Firm partner Helio De La Torre wrote a guest column that appeared in the Daily Business Review last Friday, September 26, calling for the Florida legislature to consider significant changes to the state’s condominium termination law.
Helio’s column reads:
“In light of the importance of property rights in our society, it has come as a shock to many that the condominium termination law, which was amended by the Florida Legislature in 2007, is now being used successfully throughout the state by real estate developers to take over communities and force unwilling homeowners to sell their residences at prices that are often well below their original purchase price, and in many instances, below their remaining mortgage debt.
The new changes to the condominium termination law were enacted in response to the hurricanes of 2004 and 2005, which ravaged many condominiums throughout Florida. Scores of these condominiums could not afford the repairs, so they were abandoned and languished. As a result, in 2007 the legislature amended the state’s condominium laws in order to lower the thresholds for terminating condominiums so that they could be sold to developers with the option of converting the entire community to rentals.”
Helio concludes by discussing the outlook for changes to this controversial law:
“State Rep. Carl Zimmermann, D-Palm Harbor, filed a bill in this year’s legislative session that was aimed at giving those owners an opportunity to recover their investment, but the bill died in committee.
It now appears that such a bill would have the support of Florida’s next governor, regardless of who prevails in the November gubernatorial election. Gov. Rick Scott has asked state regulators to determine what could be done to stop the abuses of this law, and a spokesman for Charlie Crist has indicated that the former governor now believes the law needs to be changed.

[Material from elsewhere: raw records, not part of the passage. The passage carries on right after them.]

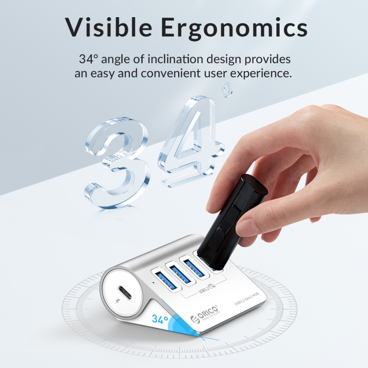 4. 5V 2A Power Supply Interface: ORICO USB 3.2 aluminum Hub reserved USB-C 5V power supply interface, can be external 5V 2A power supply sufficient to ensure the normal operation of high-power USB devices; (This product package does not include the power adapter) Support hot-plug, no driver.
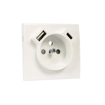 APOLO 5000 típusú fehér színű fedlap a 21117 mechanizmushoz (francia típusú konnektor + USB-A csatlakozó + USB-C csatlakozó)
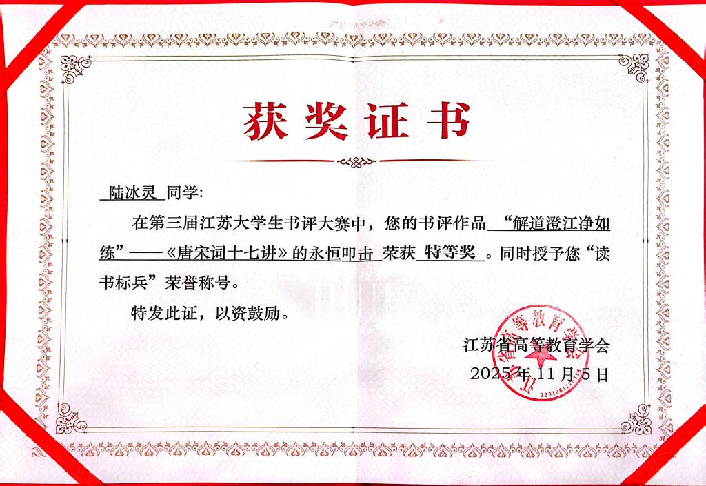 近日,第三届江苏大学生读书文化节圆满闭幕,其核心赛事——书评大赛结果揭晓。我校共推荐5个作品,最终3个作品荣获特等奖1项(全省仅12项)、一等奖1项、二等奖1项。其中,文学院2024级学科语文专业研究生陆冰灵同学的作品《“解道澄江净如练”——<唐宋词十七讲>的永恒叩击》荣获大赛特等奖,于2025年11月12日应邀参加闭幕式和颁奖典礼。
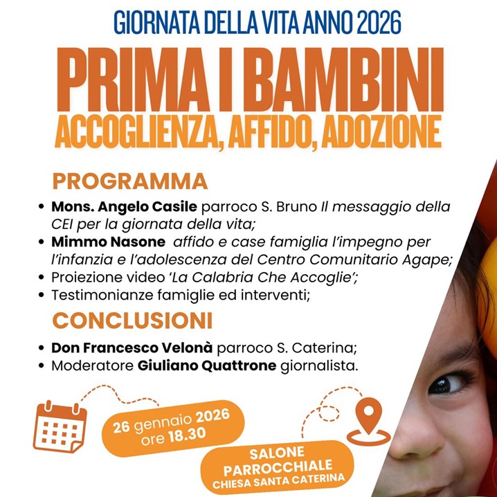 In occasione della Giornata della vita, lunedì 26 gennaio alle ore 18.30 presso il Salone Parrocchiale della Chiesa di Santa Caterina a Reggio Calabria, si terrà l’incontro “Prima i bambini. Accoglienza, affido, adozione”.
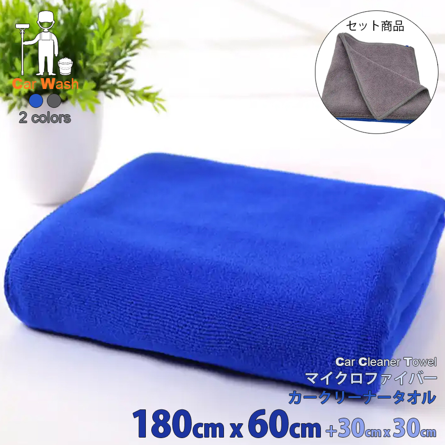 180×60cmと大判サイズなので車の屋根もすんなり拭けます。30×30cmは窓ガラスやサイドミラーなどを拭くのに最適です。
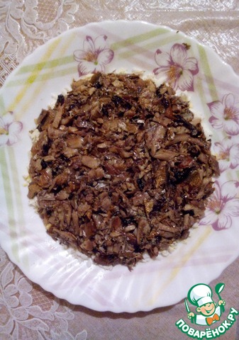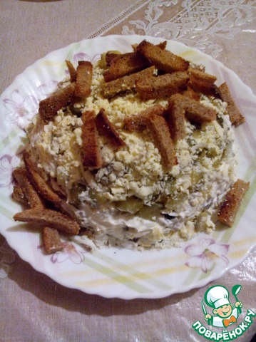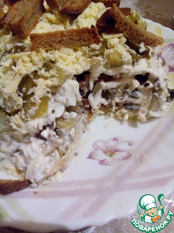 Майонез, грибы, сухарики.
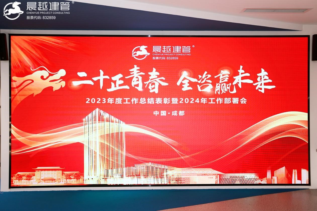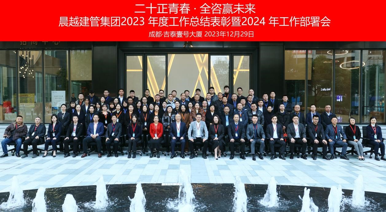 2023年12月29日,晨越建管集团“2023 年度工作总结表彰暨2024 年工作部署会”在吉泰壹号大厦隆重召开,本次会议以“二十正青春.全咨赢未来”为主题,集团党委书记、董事长王宏毅出席会议,集团营销体系、管理体系、生产体系及子公司主要领导及骨干以线上+线下方式参加会议。
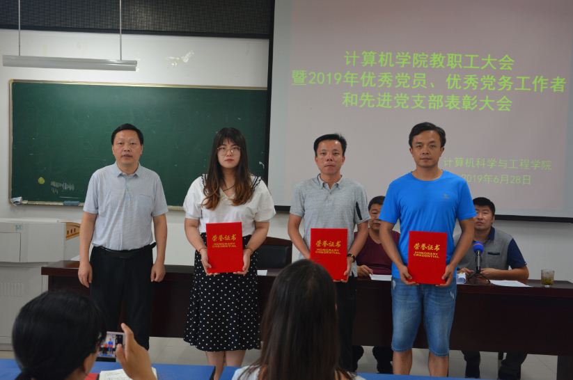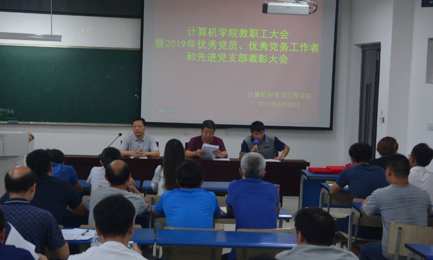 为庆祝中国共产党成立98周年,充分发挥基层党支部的战斗堡垒和先锋模范作用,6月28日下午,计算机学院在求本楼B401会议室举行2019年优秀共产党员、优秀党务工作者和先进党支部表彰会。学院全体教师和部分学生党员代表80余人参加了会议。

Zimmermann’s proposal was to require developers to pay at least 110 percent of the original purchase price, or 110 percent of the fair market value, whichever is greater. Another option was proposed by former Gov. Jeb Bush, who vetoed the condominium termination amendment in 2006. He suggested only allowing for a single vote per person/entity, regardless of the number of units owned. A third option would be to change the law so that it applies only to properties with significant hurricane damage as opposed to allowing it to be applied for undamaged complexes.
All of these options should be considered by the Florida lawmakers during the next legislative session, as a remedied version of this law continues to make sense for condominium communities that are badly damaged by hurricanes and need to be renovated or converted. However, as it now stands, the law is allowing for unintended consequences that have effectively wiped away the property rights of some Florida homeowners.”
Our firm congratulates Helio for shining a spotlight on the significant problems with this law and calling for Florida’s lawmakers to address these issues during the next legislative session.